Read the section in the manual about timestamps, this is expected behavior,
it is how it is supposed to work.

http://www.mysql.com/doc/en/DATETIME.html
The TIMESTAMP column type provides a type that you can use to automatically
mark INSERT or UPDATE operations with the current date and time. If you have
multiple TIMESTAMP columns, only the first one is updated automatically...

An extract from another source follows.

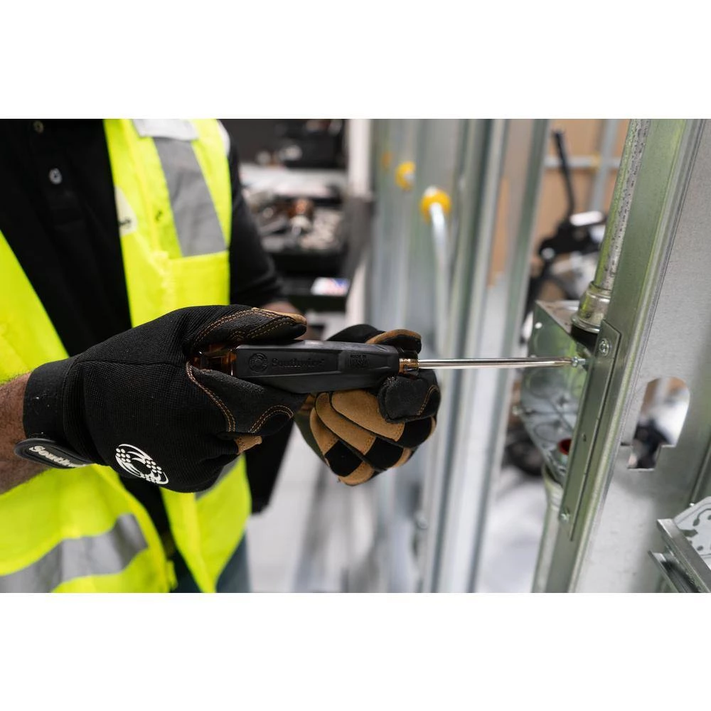 The USA Philips head screwdriver has a #2 Philips head with 4 in. shank. The cushion grip handle allows for maximum torque and comfort. This driver has a 22% larger cushion grip handle that provides ultimate comfort and maximum torque as compared to previous generations. The corrosion resistant shank ensures durability to with stand damaged, allowing for a longer life. This screwdriver comes with high quality, precision machined tips for an exact fit. A tether hole is provided for tether/lanyard attachment for added convenience.

-----Original Message-----
From: Marco Deppe [mailto:[EMAIL PROTECTED]]
Sent: Friday, January 31, 2003 3:18 AM
To: [EMAIL PROTECTED]
Subject: TIMESTAMP field is updated unintentionally


Hi,

I was already questioning my sanity, but the problem below is
reproduceable:

This is how my table looks:
mysql> describe T_ORDH;
--------------+----------------------+-----+----+--------+--------
Field         |Type                  |Null |Key |Default |Extra
--------------+----------------------+-----+----+--------+--------
PK_ID         |int(10) unsigned      |     |PRI |NULL    |auto_inc
ERSTELL_DATUM |timestamp(14)         |YES  |    |NULL    |
STATUS        |smallint(5) unsigned  |     |    |0       |

If I do
mysql> update T_ORDH set STATUS=2 where PK_ID=26272;
ERSTELL_DATUM is set to the current date. I know that a timestamp
takes the current time, if set it to NULL, but since I'm not touching
it, it shouldn't change, should it?

A quick workaround is
mysql> update T_ORDH set STATUS=2, ERSTELL_DATUM=ERSTELL_DATUM
    -> where PK_ID=26272;

The big question: Is it a bug or a feature?